Дав стоп машине, водитель стал со вкусом браниться, выгнувшись
по пояс из кабины на лобовое стекло. Пассажиры, придя в себя,
стали сердито выходить как раз в тот момент, когда человека в
тенниске наконец подмяла под себя рвота, и он зашелся в три погибели
вторым залпом.
Через затянувшееся в общем оторопении мгновение уже вышедшие и
было обомлевшие пассажиры хором прорвались изнанкою наружу, а
те, что напирали сзади, поспешно к ним присоединялись.
Я, одновременно очарованный в третий раз наступившим облегчением
и накрепко завязнув в ужасе, несвободно все это наблюдал.
Звонившая женщина медленно сползала по стене дома в тяжелые лапы
обморока. Люди выходили из метро только для того, чтобы ужаснуться
зрелищу и припомнить, чем же они сегодня успели позавтракать.
Меня объяла тоска. Словно неожиданное горе, захватывала людей
рвота, и они, согнувшись под тяжестью переживаемого, горько и
содрогаясь, пытались справиться с собой. Уже облегчившиеся еще
некоторое время оставались неподвижны, слабо постанывая и охая.

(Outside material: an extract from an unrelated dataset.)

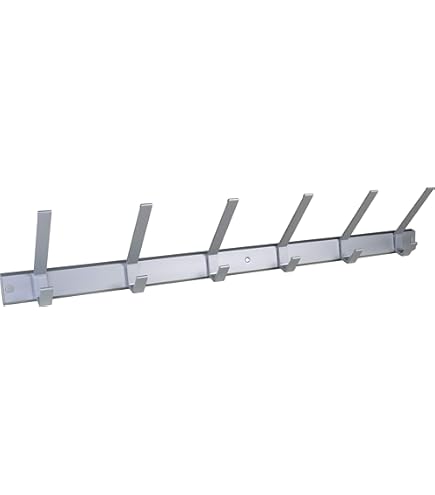 Ordnung im Flur! Diese praktische Garderobenleiste aus eloxiertem Aluminium bringt System in deine Aufbewahrung. Mit 4 stabilen Haken und komplettem Befestigungsmaterial.
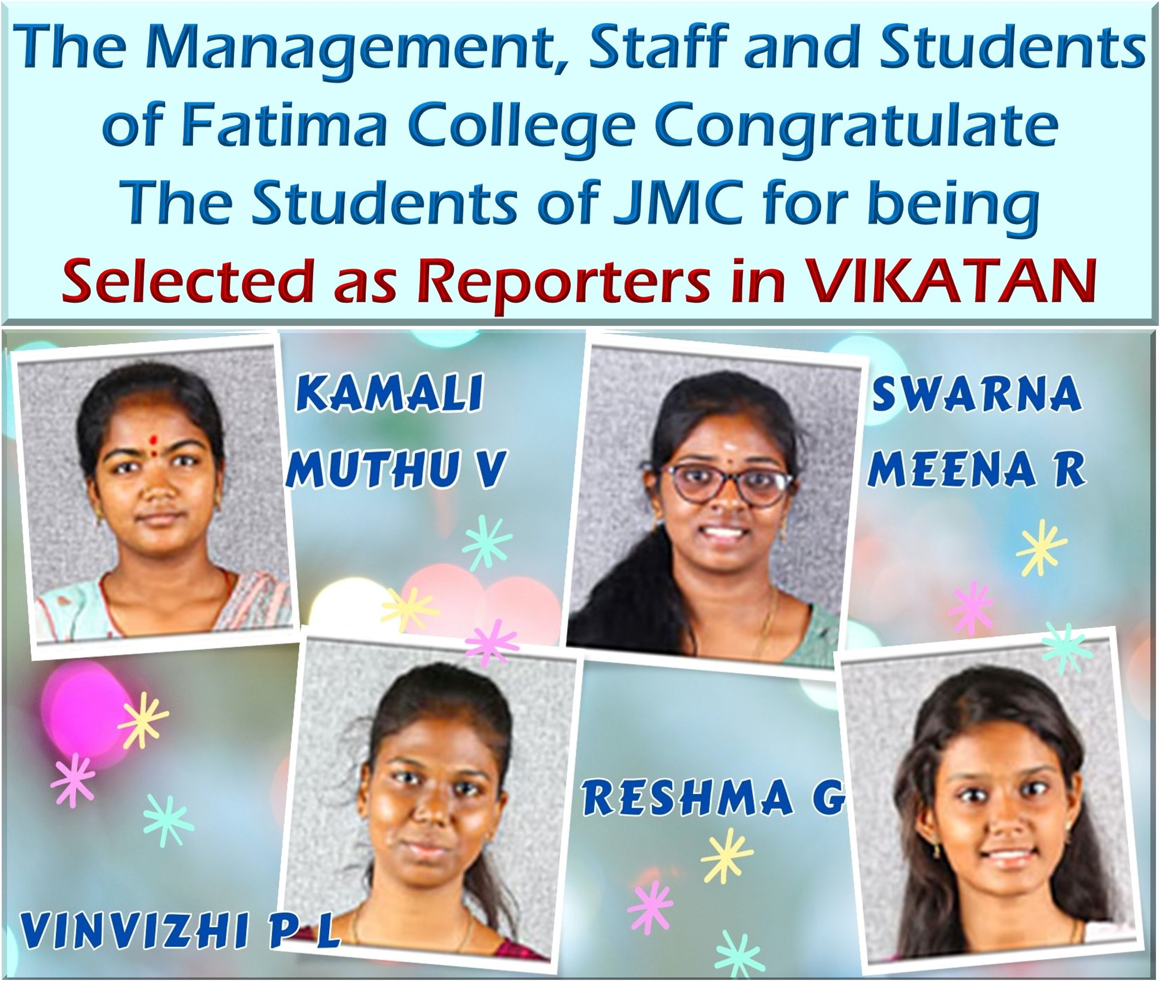 | Congratulations! the Students of JMC for being selected as Reporters in VIKATAN. |

Я понял, продолжаться это может сколько угодно: сцена у метро
постоянно пополнялась новыми участниками. С каждым приходом поезда
они поднимались из недр станции на поверхность и бдительность
их – в радостном ожидании дня – была ниже нуля.
Безнадежность неумолимо расползалась вокруг, как взрыв нервно-паралитического
газа.
Скоро уже некуда было ступить.
Но вот нашелся тот, кто передвигался по городу натощак. Оценив
масштабы бенца, он огляделся и, прыгая, будто по кочкам на мшаре,
проворно подбежал к телефонному автомату – вызвать милицию: в
поисках двухкопеечной монеты не мешкал, сразу набрал «02».
Трубка соседнего автомата, из которого звонила брызнувшая желто-красным
женщина, свободно болталась на шнуре. Приглушенные разболтанной,
дребезжащей мембраной, из нее раздавались интонации бешенства.
Я стоял рядом, вжавшись в стену дома.
Вдруг пошел слепой дождик, хотя погода стояла абсолютно безоблачная.
Я взглянул вверх и понял, что это капает из торца торчащего из
окна кондиционера.
Подъехал милицейский патруль. Из «козла» подтягивая ремешки, поправляя
кобуру, деловито просыпались менты, однако, не управившись с собой,
стали блевать.
Я понял, что пора завязывать и, поклявшись не брать больше сегодня
в рот ни крошки, спустился в метро.
В туннеле эскалатора прохладно пахло нефтью.
Несколько раз глубоко вздохнув, унял в себе дрожь.
Добрался до дома и рассказал все своим.
Отец молчал, а Циля, сказав: «Жить будешь», – попросила папу поставить
на плиту кастрюлю с водой.
Я сидел на подоконнике спиной к открытому окну. Слегка накренившись,
окно опустило в себя мою голову по горло, но отец спохватился
и вернул меня к вертикали.
В согревшуюся воду Циля ссыпала с ножа кристаллики марганцовки.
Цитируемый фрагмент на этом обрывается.